5 Peace Corps Alumni Who Have Changed the World

Next Sunday isn’t just any old day. That’s because it marks 54 years of the Peace Corps, an organization that’s particularly meaningful to us here at Discover Corps. Not only are we proudly affiliated with the National Peace Corps Association — our founder Andrew discovered his passion for travel and service as a Peace Corps volunteer.

Simply put: Without the Peace Corps, Discover Corps wouldn’t exist.

When President Kennedy established the Peace Corps on March 1st, 1961, nobody could have guessed the magnitude of his dream. His chief goal was to allow other countries to gain more understanding of the United States, while in turn, for Peace Corps volunteers to understand the cultures they were meant to help.

In the 54 years since, more than 200,000 people have served in the Peace Corps and contributed to a better world. Many of them have gone above and beyond their service — so on this special day, we’d like to highlight five former Peace Corps volunteers who have done extraordinary things. We’re sure their stories will inspire you.

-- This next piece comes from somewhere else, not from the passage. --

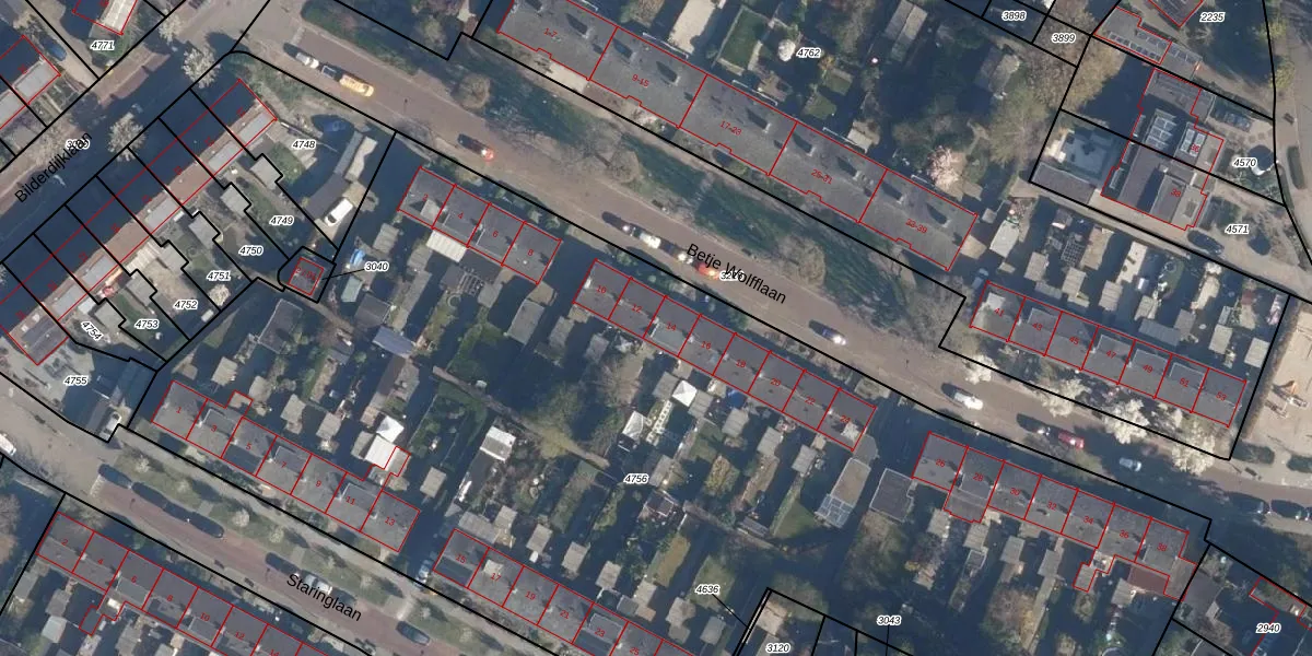 Betje Wolfflaan 14 is gelegen op kadastraal perceel SOE00C4756. Deze kadastrale aanduiding is uniek en wordt gebruikt door het Kadaster om eigendomsrechten en andere zakelijke rechten vast te leggen. Het perceel maakt onderdeel uit van de kadastrale gemeente Soest.

5 Peace Corps Volunteers Who Changed the World

 1. Carol Bellamy

When Carol volunteered in Guatemala from 1962 to 1965, the experience sparked a lifelong desire to give back. She went on to become the director of the Peace Corps, the executive director of UNICEF, and in the last few years, has focused on global citizenship and education.

A quirky fact: She was awarded the Order of the Rising Sun by Japan in 2006.

2.  Donald Mosley

Donald served in Malaysia and was a Peace Corps regional director in South Korea. While acting as the director for Koinonia Farm in southwest Georgia in the 1970s, he co-founded Habitat for Humanity. Donald wanted to fight racism and the mounting problem of homelessness.

What he didn’t anticipate was a global movement of empowering others by giving them a home. He’s since helped to launch Habitat for Humanity programs in the Democratic Republic of Congo (DRC), Lebanon, Nicaragua, and Jordan.

3.  Lillian Carter

Jimmy Carter is an accomplished man who eventually became President of the United States — but he didn’t get there alone. His mother Lillian had a major influence on his humanitarian views.

A trained nurse, Lillian treated leprosy patients in India in 1966. Incredibly, she was aged 66 at the time. Her efforts were never forgotten, for Emory University formed the Lillian Carter Center for International Nursing in honor of the work she did with the Peace Corps.

4.  Mark L. Schneider

Mark’s successes are vast — one being his term as a Peace Corps volunteer in El Salvador, where a bridge he helped to build is named after him — and another, his lauded appointment as Peace Corps director from 1999 to 2001.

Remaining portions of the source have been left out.